Achieving thorough worldwide distribution to develop herd immunity may be a problem on social and political fronts, too, said Dean Blumberg, chief of pediatric infectious diseases at UC Davis Children’s Hospital.

“We all know there are groups that are skeptical about vaccines,” Blumberg said. “I want to make sure all the vaccines, when they’re available, are well-studied, because the last thing we need is to bring a vaccine to the public when we aren’t confident about its safety or protection. If adverse effects occur, that’s going to be a real setback, maybe for years.”

The scientific balancing acts

The science is, of course, even more complicated than the logistics. Blumberg and others talked about the need to essentially thread a needle to develop a vaccine that creates a healthy immune system response to prevent the disease—too little or too much both could have serious adverse impacts on patients.

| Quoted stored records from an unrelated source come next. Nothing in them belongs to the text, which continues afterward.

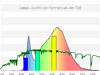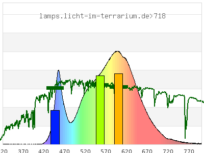 total ( 0 nm - 0 nm) 4010 µW/cm² = 40.1 W/m² UVC ( 0 nm - 280 nm) 0 µW/cm² = 0 W/m² non-terrestrial ( 0 nm - 290 nm) 0 µW/cm² = 0 W/m² total2 ( 250 nm - 880 nm) 4000 µW/cm² = 40 W/m² UVB (EU) ( 280 nm - 315 nm) 1.41 µW/cm² = 0.0141 W/m² UVB (US) ( 280 nm - 320 nm) 1.76 µW/cm² = 0.0176 W/m² UVA+B ( 280 nm - 380 nm) 5.4 µW/cm² = 0.054 W/m² Solar UVB ( 290 nm - 315 nm) 1.41 µW/cm² = 0.0141 W/m² UVA D3 regulating ( 315 nm - 335 nm) 1.44 µW/cm² = 0.0144 W/m² UVA (EU) ( 315 nm - 380 nm) 3.98 µW/cm² = 0.0398 W/m² UVA2 (medical definition) ( 320 nm - 340 nm) 1.36 µW/cm² = 0.0136 W/m² UVA (US) ( 320 nm - 380 nm) 3.64 µW/cm² = 0.0364 W/m² UVA1 (variant) ( 335 nm - 380 nm) 2.54 µW/cm² = 0.0254 W/m² UVA1 (medical) ( 340 nm - 400 nm) 3.32 µW/cm² = 0.0332 W/m² vis. UVA ( 350 nm - 380 nm) 1.68 µW/cm² = 0.0168 W/m² VIS Rep3 ( 350 nm - 600 nm) 2520 µW/cm² = 25.2 W/m² VIS Rep4 ( 350 nm - 700 nm) 3890 µW/cm² = 38.9 W/m² purple ( 380 nm - 420 nm) 3.98 µW/cm² = 0.0398 W/m² VIS ( 380 nm - 780 nm) 3980 µW/cm² = 39.8 W/m² VIS2 ( 400 nm - 680 nm) 3800 µW/cm² = 38 W/m² PAR ( 400 nm - 700 nm) 3890 µW/cm² = 38.9 W/m² tmp ( 400 nm - 1100 nm) 4000 µW/cm² = 40 W/m² blue ( 420 nm - 490 nm) 607 µW/cm² = 6.07 W/m² green ( 490 nm - 575 nm) 1300 µW/cm² = 13 W/m² yellow ( 575 nm - 585 nm) 237 µW/cm² = 2.37 W/m² orange ( 585 nm - 650 nm) 1370 µW/cm² = 13.7 W/m² red ( 650 nm - 780 nm) 459 µW/cm² = 4.59 W/m² IR2 ( 655 nm - 685 nm) 245 µW/cm² = 2.45 W/m² IRA ( 700 nm - 1400 nm) 110 µW/cm² = 1.1 W/m² IRB ( 1400 nm - 3000 nm) 0 µW/cm² = 0 W/m²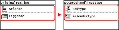 2 | Velg [1->2-sidig] og trykk på  . Skjermbildet [Originalretning] vises. |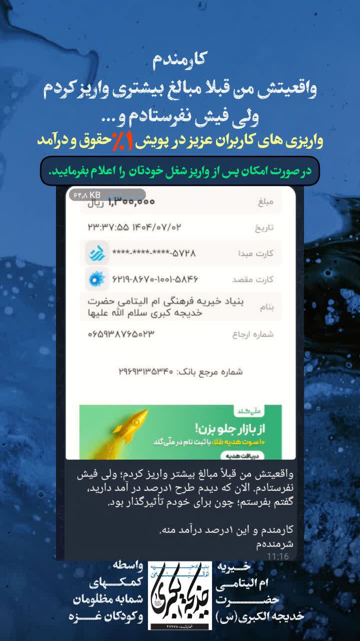 کارمندم‌ واقعیتش من قبلا مبالغ بیشتری واریز کردم ولی فیش نفرستادم و …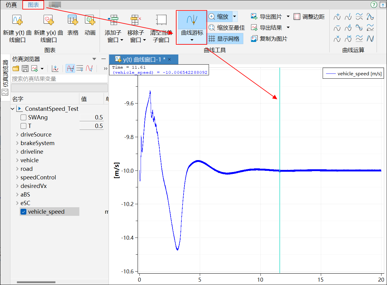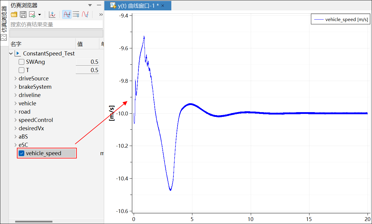 单击仿真,仿真结束后,在结果查看器左侧的仿真浏览器中单击 vehicle_speed,查看生成的速度曲线;

“We do not want to get an immune response that does more harm than good,” he said. “That’s why we need such rigorous testing.”

Another complication for vaccine developers is knowing how long immunity from a vaccine might last. The experts were asked if people will need to get a vaccine every year, as with the flu.

“That’s a very good question because I don’t know the answer,” Gallo said. “I expect the first vaccines will last a few months.”

With other more common coronaviruses, including the common cold and flu, Blumberg said, immunity from vaccines or from going through the illness often lasts one to two years, but he does not know if we can extrapolate those timelines to this novel coronavirus causing COVID-19.

“Hopefully, we will develop a vaccine we won’t need to give every year or two. There is still so much we don’t know,” Blumberg said. “One very good thing is that there is so much information coming out every day. It’s been an unprecedented sharing among scientists, researchers and publications.”

The scientists were asked questions from the audience about vaccines and related subjects, including one to Allison Brashear, dean of the UC Davis School of Medicine, about whether antibody tests can tell someone if they have some immunity.

“They are not very useful for an individual person,” Brashear said. “We don’t know yet what level of antibodies is needed or how long the antibodies will last. That’s what we’re testing to learn. There is also a concern that a positive test for antibodies might give someone a false sense of security, and they will stop social distancing and lower their guard.”

When the experts warned the first vaccines to emerge may not be the most effective, a few were asked if they will take the first vaccine available. This one did not have a consensus.

“No,” said Offit. “The first vaccine doesn’t mean the best vaccine.”